■ Work required
Reproduce the listing in full. Omit the pictures.

#### Extracted material

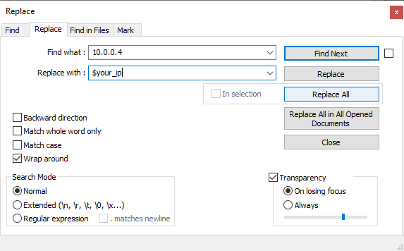 This will bring up a screen like the one below. Type in the IP that came after openvpn@ (might be 10.0.0.4) in the first text box and the IP of your VM in the second text box (the one you wrote down earlier) and press Replace All.
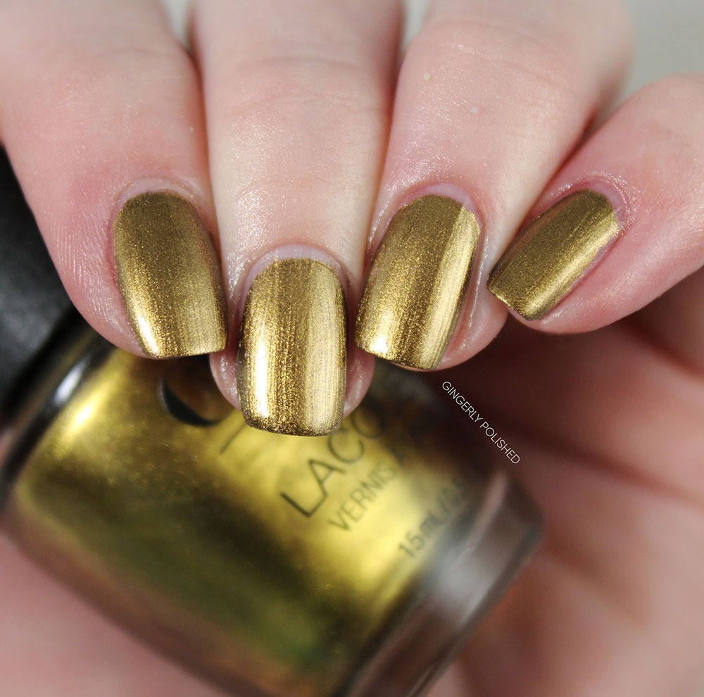 See I’m not mad about the gold above, because we have 2 gold shades next. This first shade might just be the most metallic shade of the bunch. It shines on the nails, and it gets as close to chrome as you can with regular polish. This is ‘SaTURN Me On’, and it’s a perfect “old gold”. There’s almost some olive, maybe some bronzey-ness to it, and it’s so interesting.
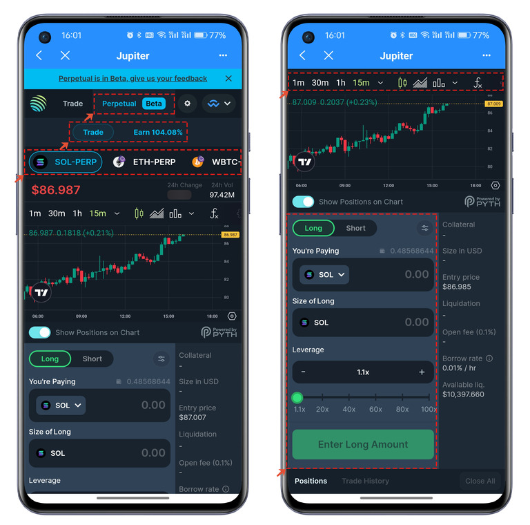 五、Perpetual 功能暂时处于测试阶段,可以根据不同的代币流动池的价格走势来进行杠杆的操作。
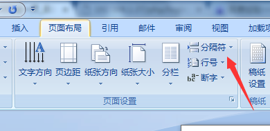 3、进行到页面布局的选项之后,进行点击“分隔符”的选项。
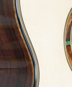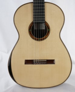 Voici la nouvelle guitare 2023 du luthier allemand Philipp Neumann. Cette édition 2023 est une commande spéciale avec un corps en palissandre de Madagascar et des mécaniques Scheller. Le résultat est parfait. Cette guitare n’a de traditionnelle que son nom et sa sonorité : elle intègre une réflexion poussée sur la table d’harmonie. Celle-ci a pour objet de permettre à la guitare de rivaliser avec les guitares lattice et double-tables en matière de puissance tout en offrant une sonorité traditionnelle ample et majestueuse. Un résultat époustouflant (regardez la revue vidéo), une meilleure définition sonore avec un long sustain !
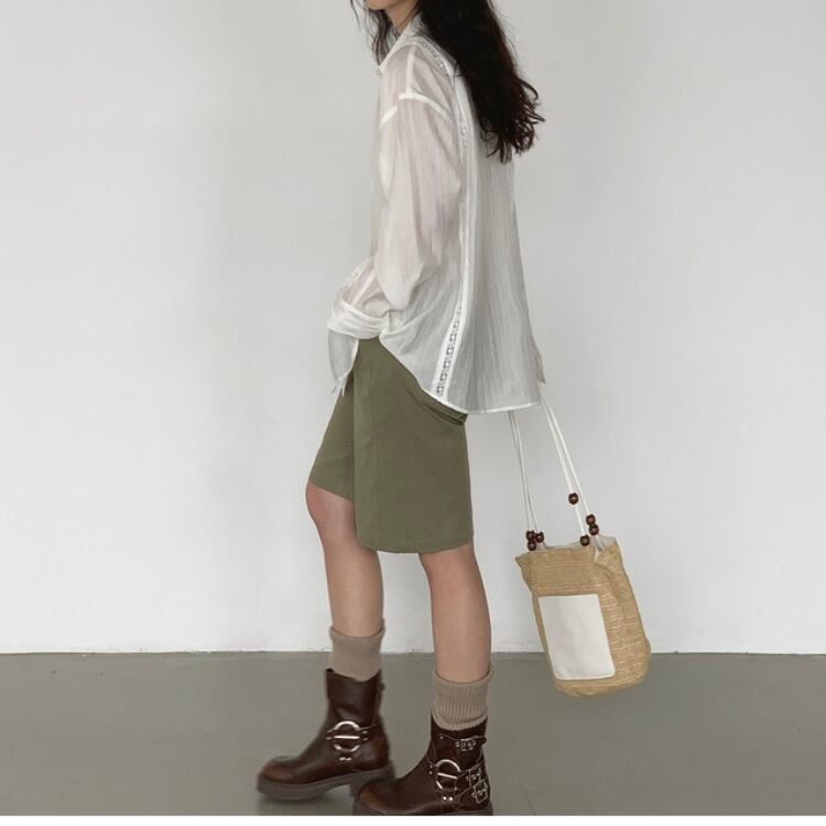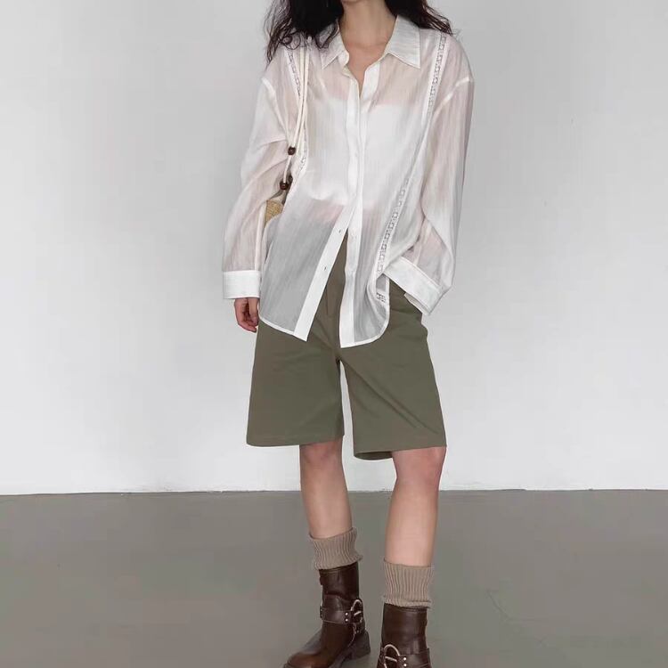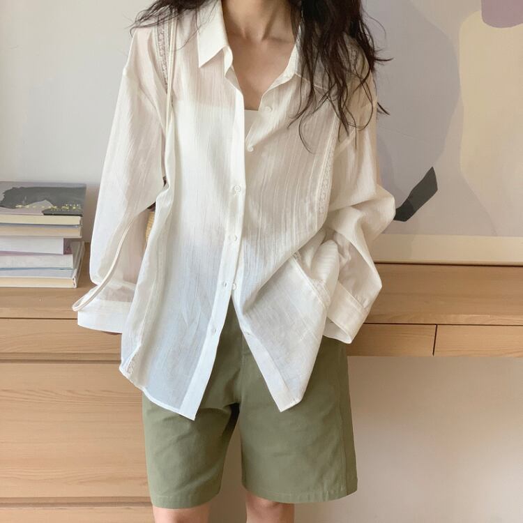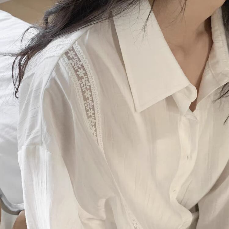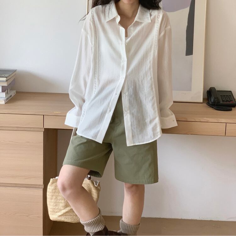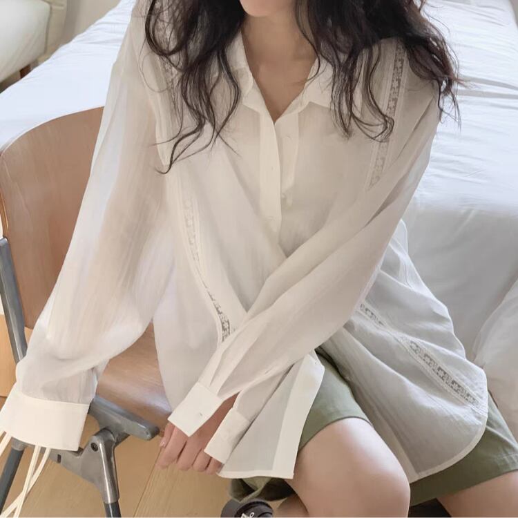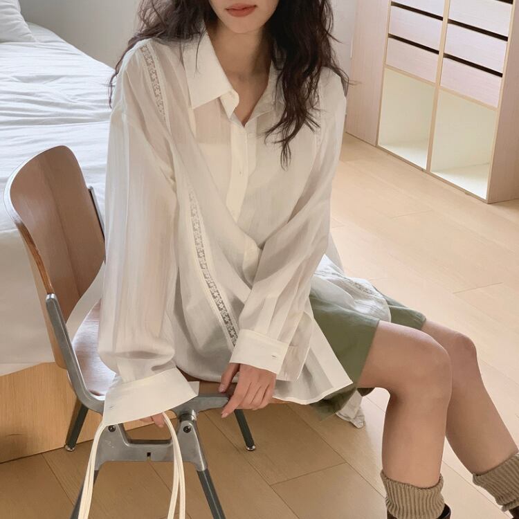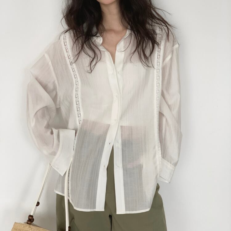 シアー生地フロントレース配色シャツ 0974

########

■ Solution
 This will bring up a screen like the one below. Type in the IP that came after openvpn@ (might be 10.0.0.4) in the first text box and the IP of your VM in the second text box (the one you wrote down earlier) and press Replace All.
 See I’m not mad about the gold above, because we have 2 gold shades next. This first shade might just be the most metallic shade of the bunch. It shines on the nails, and it gets as close to chrome as you can with regular polish. This is ‘SaTURN Me On’, and it’s a perfect “old gold”. There’s almost some olive, maybe some bronzey-ness to it, and it’s so interesting.
 五、Perpetual 功能暂时处于测试阶段,可以根据不同的代币流动池的价格走势来进行杠杆的操作。
 3、进行到页面布局的选项之后,进行点击“分隔符”的选项。
 Voici la nouvelle guitare 2023 du luthier allemand Philipp Neumann. Cette édition 2023 est une commande spéciale avec un corps en palissandre de Madagascar et des mécaniques Scheller. Le résultat est parfait. Cette guitare n’a de traditionnelle que son nom et sa sonorité : elle intègre une réflexion poussée sur la table d’harmonie. Celle-ci a pour objet de permettre à la guitare de rivaliser avec les guitares lattice et double-tables en matière de puissance tout en offrant une sonorité traditionnelle ample et majestueuse. Un résultat époustouflant (regardez la revue vidéo), une meilleure définition sonore avec un long sustain !
 シアー生地フロントレース配色シャツ 0974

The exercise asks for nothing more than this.